Intel Corp CEO Pat Gelsinger on Thursday said the worst of a sales slump has passed and struck a bullish tone about the chipmaker’s prospects for the rest of the year and beyond. Investors are waiting to see proof that the company can regain dominance in the semiconductor industry.
The key to winning them over will be Gelsinger’s ability to lure back some of the largest companies in technology — cloud giants like Amazon.com Inc and Alphabet Inc’s Google —whose purchases of server chips for data centers have been a main engine of Intel’s profit and growth.
While demand for Intel’s server processors — its most lucrative business — picked up in the second quarter from the first, investors fretted that the division’s 9 percent year-on-year decline in sales might signal a long road to recovery.
Intel’s Xeon chips, some of which sell for as much as a compact car, compete for business with souped-up offerings from Advanced Micro Devices Inc, and increasingly from the internal chip-design efforts of major cloud customers, which are keen to supply their own parts. Sales to those cloud providers like Amazon’s AWS and Google dropped 20 percent in the recent period, Intel said in its second-quarter earnings report.
Gelsinger projected double-digit percentage sales increases for the data center business as a whole in the second half of the year, and said he expects pricing and market share to remain stable. Still, prices dropped in the June quarter because of competitive pressure, and the unit will not match its revenue total for 2019 this year, he said.
The performance of the data center unit, known internally as DCG, is a bellwether for the progress of Gelsinger’s drive to restore Intel to leadership of the industry.
The company said sales in the current period would be about US$18.2 billion, compared with an average analyst projection of US$18.3 billion. Shares fell about 2.8 percent in extended trading following the announcement. They had earlier closed at US$55.96 in New York, leaving them up 12 percent this year.

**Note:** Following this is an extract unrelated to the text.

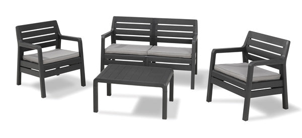 Salotto delano set grafite con cuscini 100% polipropilene.

In the second quarter, the company’s personal computer business slightly topped estimates, helping boost overall sales. Santa Clara, California-based Intel said sales in the period climbed 2 percent to US$18.5 billion, exceeding average predictions for revenue of US$17.8 billion.
Annual sales for this year would exceed the company’s previous target, Intel projected.
Those numbers were not enough to raise optimism about Intel’s lukewarm performance against the backdrop of strong demand for semiconductors in general and widespread industry shortages, Edward Jones analyst Logan Purk said.
Investors want companies to set more ambitious targets, he said.
They are also concerned that Intel is never getting back to the 99 percent-plus share of the server chip market it once commanded, and would remain too dependent on PCs.
“I think it boils down to PC sales driving a bulk of outperformance, which likely reverses soon,” Purk said.
In data centers, “it will decline over time and these hyperscalers will begin to supply themselves,” he said.
Gelsinger offered a far more upbeat outlook for personal computer sales, saying that many households are now home to multiple devices and that a lot of older machines are due for replacement.
He projected the PC market would grow again next year.
A dearth of semiconductors across many parts of the electronics industry would hit bottom in the second half of this year and persist until as late as 2023, Gelsinger said.
When asked about reports that he has considered trying to purchase chip manufacturer GlobalFoundries Inc to accelerate that effort, Intel’s leader declined to comment.
“At this point, we would not say that M&A [merger and acquisition] is critical, but nor would we rule it out,” he told analysts on a conference call. “Our view is that industry consolidation is very likely.”
Intel said its adjusted gross margin would be 56.5 percent this year. For the third quarter, that measure would be 55 percent, narrower than analysts estimated. The company has historically delivered margins wider than 60 percent.